Stretch and Strengthen:
To get more turn, one needs to stretch the large muscles of the back called the lats. Personally I do this pose every day and I use it with all of my golfers and MLB players. In addition to stretching the lats, you will feel a stretch in the lower back.
Once we complete the stretch phase of the pose we move onto strengthening the shoulders. Remember to breathe deeply, with the focus on lengthening and stretching deeper during the exhalation.
Let’s get started ...
Separate the knees slightly wider than hip width apart and bring the glutes to your the heels.
Note: if this angle is difficult on the knees place a rolled up towel behind the knees.
Stretch your arms forward, placing them wider than your yoga mat. Come high onto your finger tips and hold for seven deep breaths, focusing on stretching the shoulders and lats.

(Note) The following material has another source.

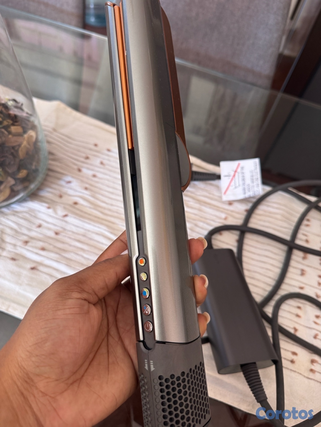 El motor Hyperdymium de Dyson tiene un impulsor de 13 cuchillas que gira hasta 106.000 rpm, propulsando 11,9 litros de aire a través de la máquina por segundo. Esto genera 3.6 kPa de presión de aire, lo suficientemente potente como para alisar el cabello mientras se seca.

'Walk' your hands to the right and hold for seven more breaths. Maintain the connection between the glutes and heels. Switch sides.
Continue on your knees and bring the pinky side edge of your hands to the floor. Palms face each other but the arms remain slightly wider than shoulder width apart. Inhale deeply and on your exhalation lift your right arm, focusing on the strength in the shoulder.
Repeat 10 times on each side.
Contact Katherine at Katherine@KRFlexfit.com if you have questions or comments.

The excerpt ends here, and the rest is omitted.